# YOUR TASK:
Copy the entries without a single change. Pictures should be dropped.

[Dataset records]
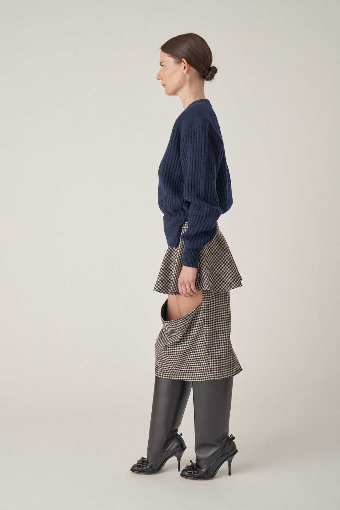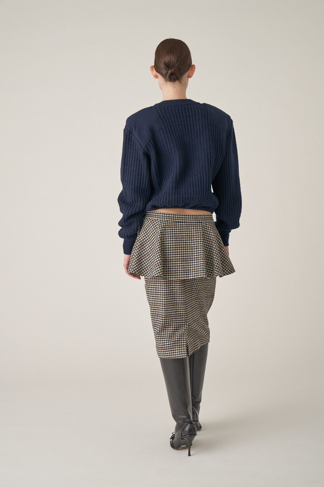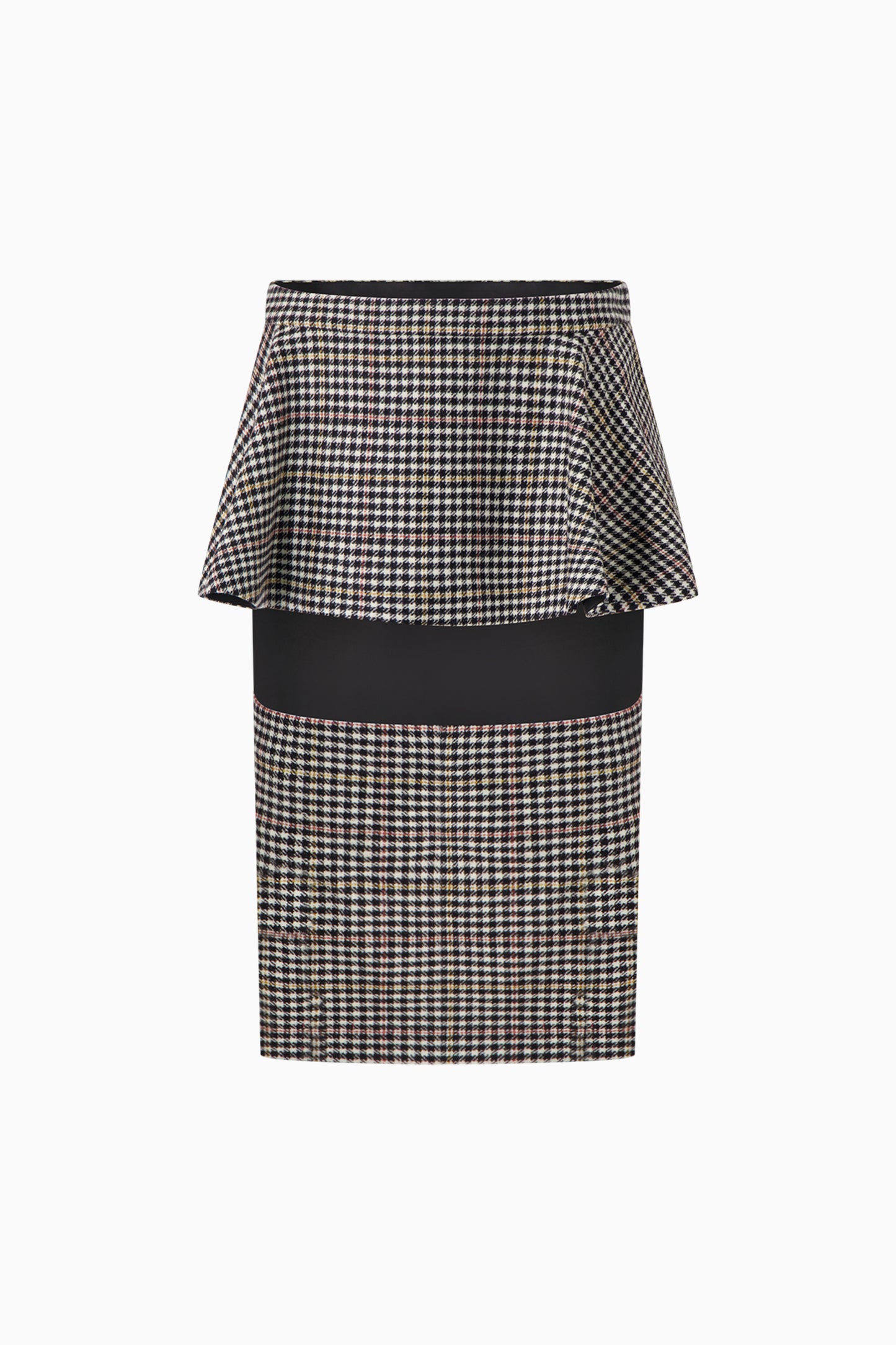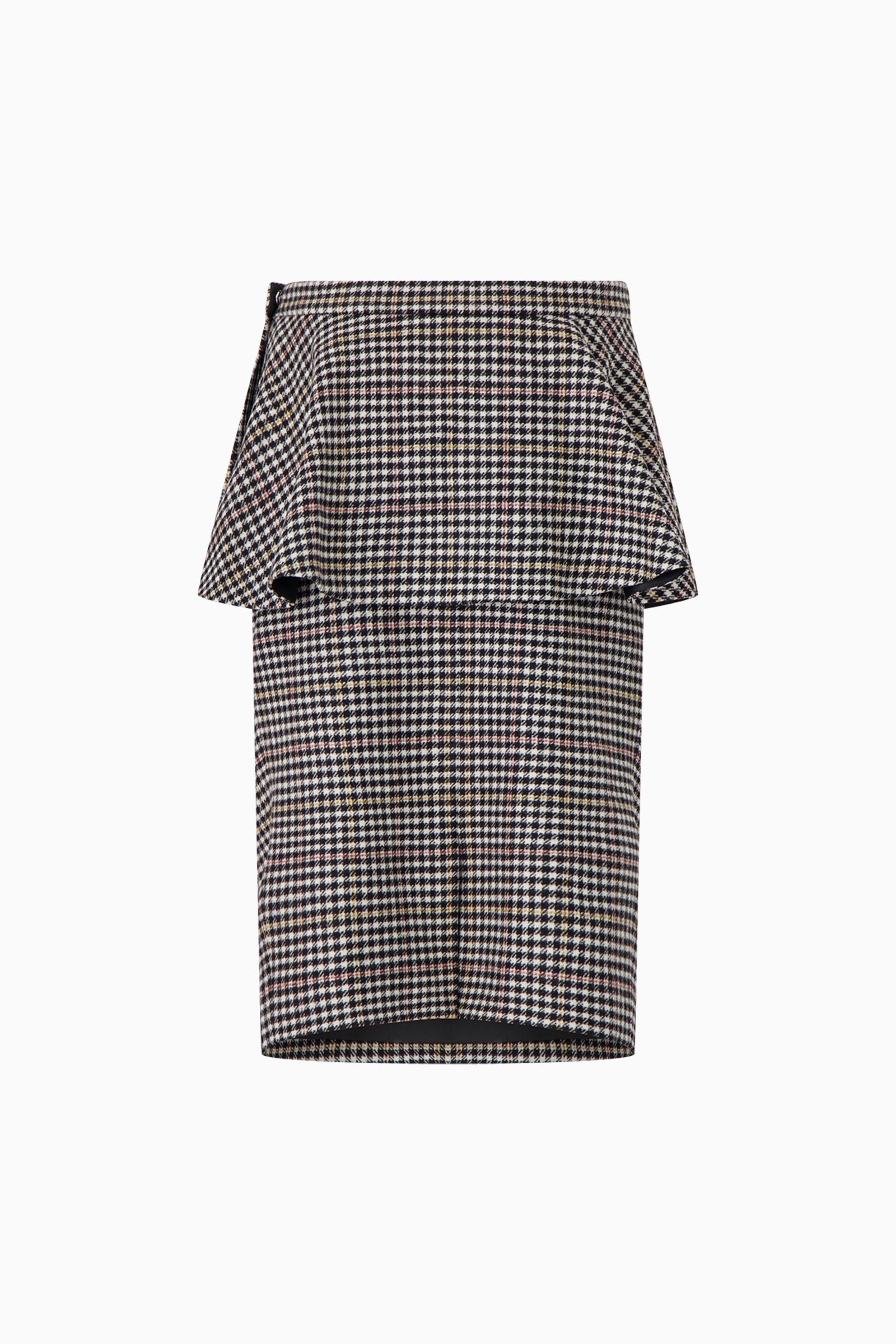 Sliced pencil skirt in tartan. Features a peplum over a cutout pencil skirt.
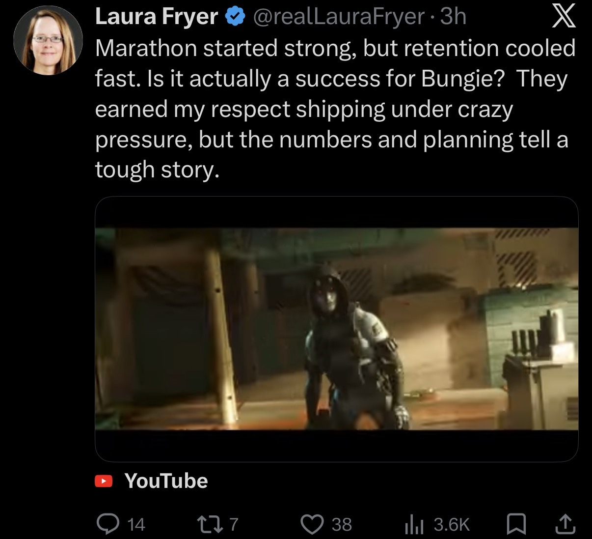 >>560778712is this thinly veiled shill cope? She still shits on Marathon and says it might not be able to cover for Bungie's expenses.
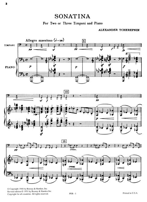 Tcherepnin Sonatina for Two or Three Timpani and Piano
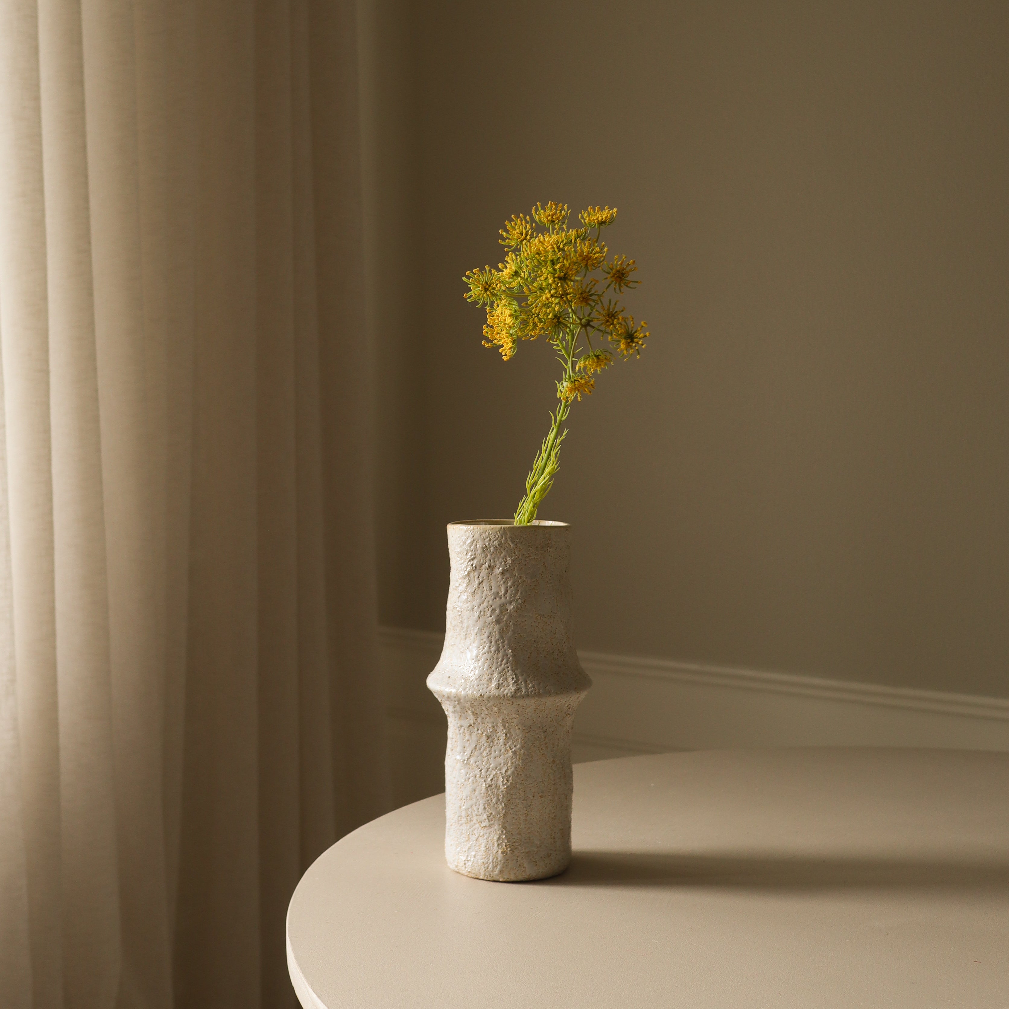 The Ceramic Earth Vase featured in the image measures 30.5 cm in height and 10 cm in diameter.
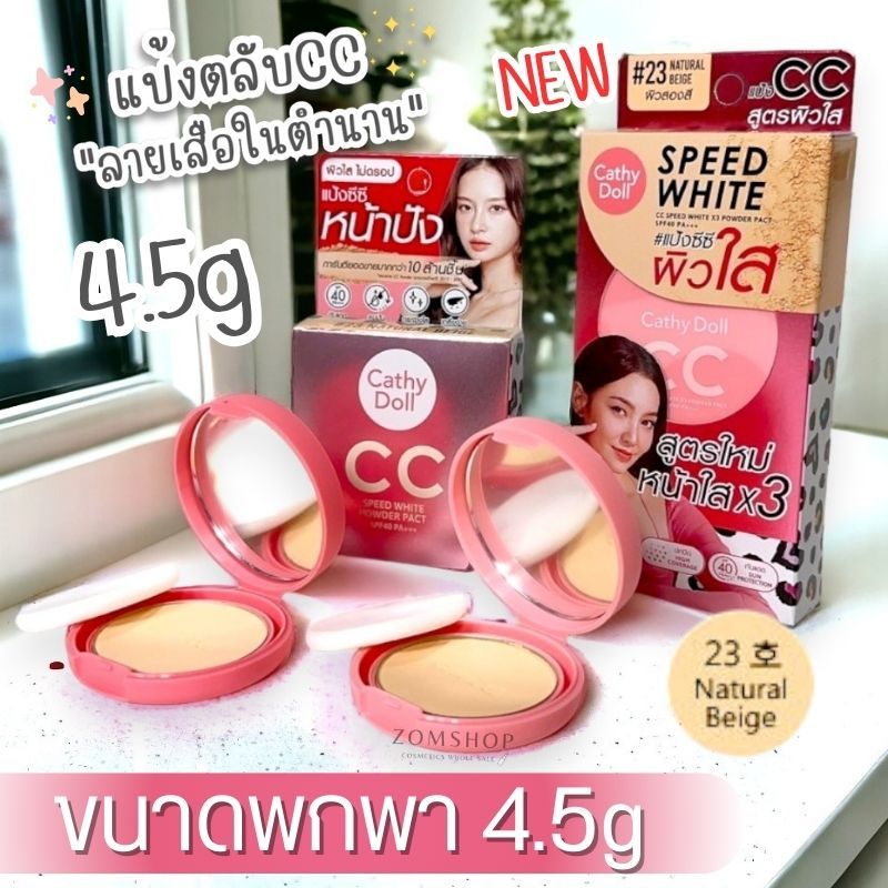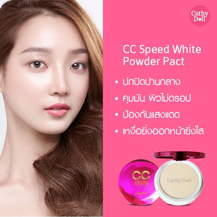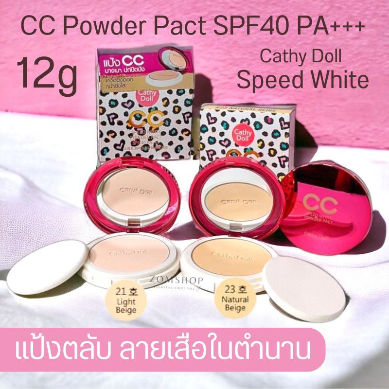 【รุ่นลายเสือ】แป้งตลับในตำนาน CC Powder Pact SPF40 PA+++ 4.5g Cathy Doll Speed White.
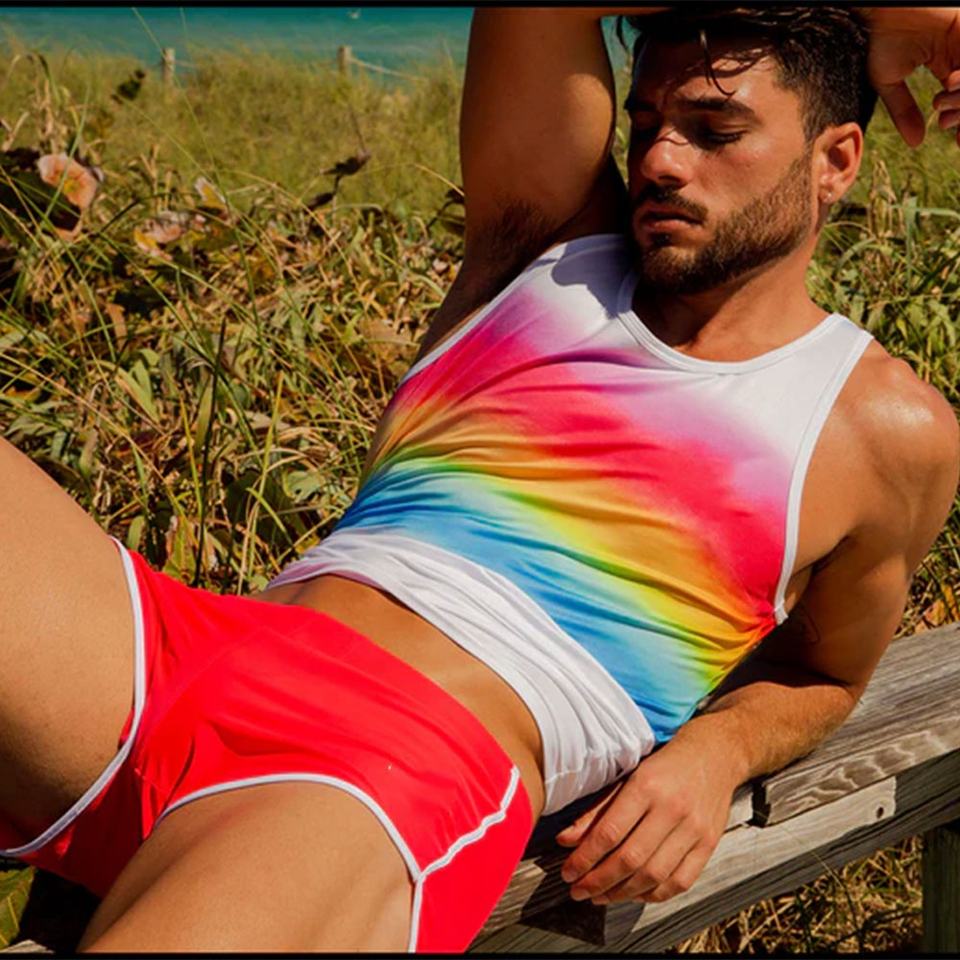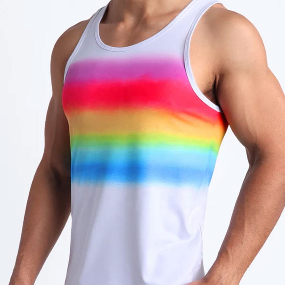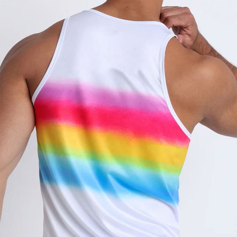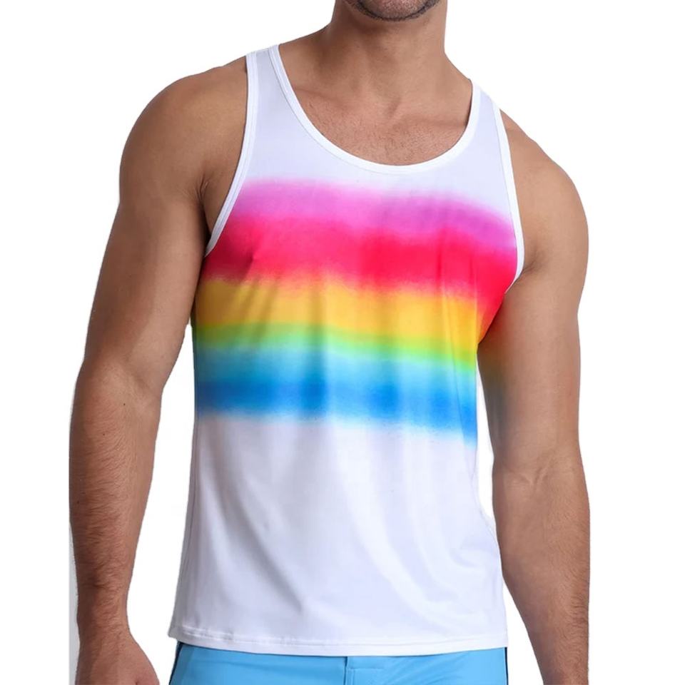 เสื้อกล้ามชายสีรุ้งไล่ระดับสีมีสไตล์เสื้อแขนกุดสีสันสดใสระบายอากาศได้น้ำหนักเบาออกแบบได้ตามต้องการ
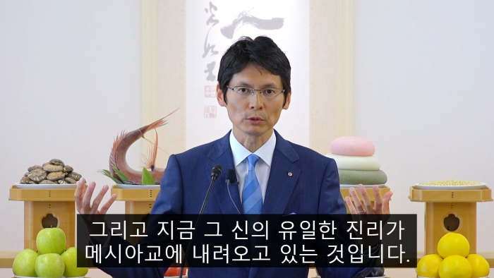 「세계메시아교 추계대제」마사아끼사마 성언2023년 10월 1일 「완전자유의 메시아교」 여러분 안녕하십니까. 이 연설대는 지난 달 본부 월례제부터 사용하기 시작했는데, 오늘은 아타미에서 가져왔습니다.(일동 웃음) 지난번 월례제에서도 잠깐 이야기
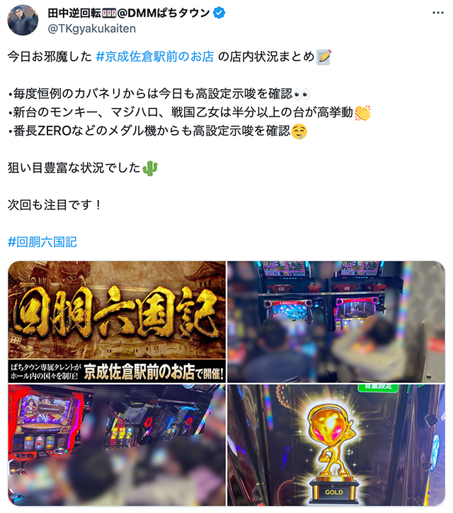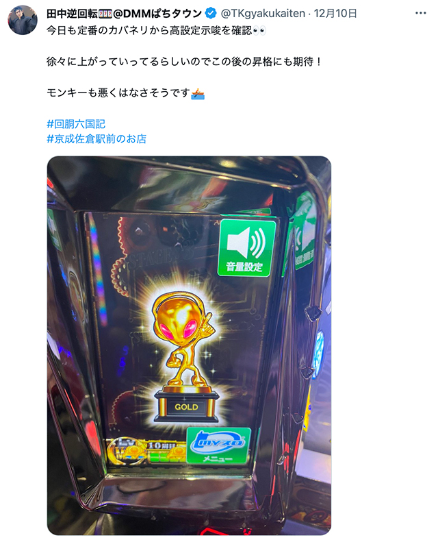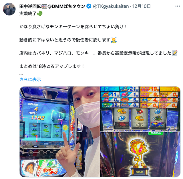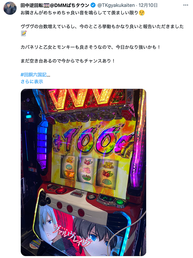 当日の田中のツイートを見る限り、ヴヴヴ が増台されており、ドライブも確認とのこと。新台のモンキーターンVも2台導入で1台ピックアップされている。11月のレポートでは2〜3台構成から機種1のピックアップが目立ったため、新台・増台かつ少数機種であれば狙う根拠としては厚くなるのではないだろうか。
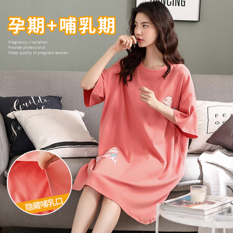 2024授乳パジャマ夏7半袖ゆるい薄手長袖妊婦出産予定スカート純綿月子服寝る服8
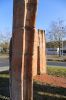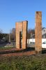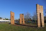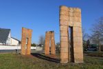 (...) Ein Tor reckt sich und streckt sich wie nach gesundem Schlaf, eins dehnt sich im Fuß, sucht sicheren Halt, eins steht militärisch stramm. Keines der drei ist mit der Messlatte begradigt, und nur wer genau hinsieht bemerkt, wie sich die Kanten aus dem Lot biegen. Sanfte Bewegung macht jedes zum Unikat, wie die Menschen, die hindurchgehen: Keiner gleicht dem anderen. Jedes Tor ist ein Einzelnes aus Vielen, zusammengesetzt aus verformtem Ziegel, aus der Norm getrieben, vertrieben.
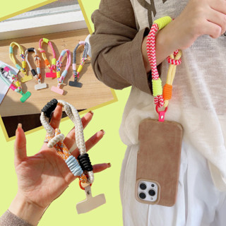 Correia Curta Do Telefone Móvel Coreia Universal Trançado Pendurado Corrente Anel Cabo Com Remendo Alça De Pulso Celular
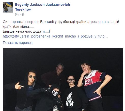 Евгений Терехов возмущается: "Сын гаранта танцует в Британии в футболке страны-агрессора, а в нашей стране идет война… Больше нечего добавить!"

# RESULT OF THIS TASK:
 Sliced pencil skirt in tartan. Features a peplum over a cutout pencil skirt.
 >>560778712is this thinly veiled shill cope? She still shits on Marathon and says it might not be able to cover for Bungie's expenses.
 Tcherepnin Sonatina for Two or Three Timpani and Piano
 The Ceramic Earth Vase featured in the image measures 30.5 cm in height and 10 cm in diameter.
 【รุ่นลายเสือ】แป้งตลับในตำนาน CC Powder Pact SPF40 PA+++ 4.5g Cathy Doll Speed White.
 เสื้อกล้ามชายสีรุ้งไล่ระดับสีมีสไตล์เสื้อแขนกุดสีสันสดใสระบายอากาศได้น้ำหนักเบาออกแบบได้ตามต้องการ
 「세계메시아교 추계대제」마사아끼사마 성언2023년 10월 1일 「완전자유의 메시아교」 여러분 안녕하십니까. 이 연설대는 지난 달 본부 월례제부터 사용하기 시작했는데, 오늘은 아타미에서 가져왔습니다.(일동 웃음) 지난번 월례제에서도 잠깐 이야기
 当日の田中のツイートを見る限り、ヴヴヴ が増台されており、ドライブも確認とのこと。新台のモンキーターンVも2台導入で1台ピックアップされている。11月のレポートでは2〜3台構成から機種1のピックアップが目立ったため、新台・増台かつ少数機種であれば狙う根拠としては厚くなるのではないだろうか。
 2024授乳パジャマ夏7半袖ゆるい薄手長袖妊婦出産予定スカート純綿月子服寝る服8
 (...) Ein Tor reckt sich und streckt sich wie nach gesundem Schlaf, eins dehnt sich im Fuß, sucht sicheren Halt, eins steht militärisch stramm. Keines der drei ist mit der Messlatte begradigt, und nur wer genau hinsieht bemerkt, wie sich die Kanten aus dem Lot biegen. Sanfte Bewegung macht jedes zum Unikat, wie die Menschen, die hindurchgehen: Keiner gleicht dem anderen. Jedes Tor ist ein Einzelnes aus Vielen, zusammengesetzt aus verformtem Ziegel, aus der Norm getrieben, vertrieben.
 Correia Curta Do Telefone Móvel Coreia Universal Trançado Pendurado Corrente Anel Cabo Com Remendo Alça De Pulso Celular
 Евгений Терехов возмущается: "Сын гаранта танцует в Британии в футболке страны-агрессора, а в нашей стране идет война… Больше нечего добавить!"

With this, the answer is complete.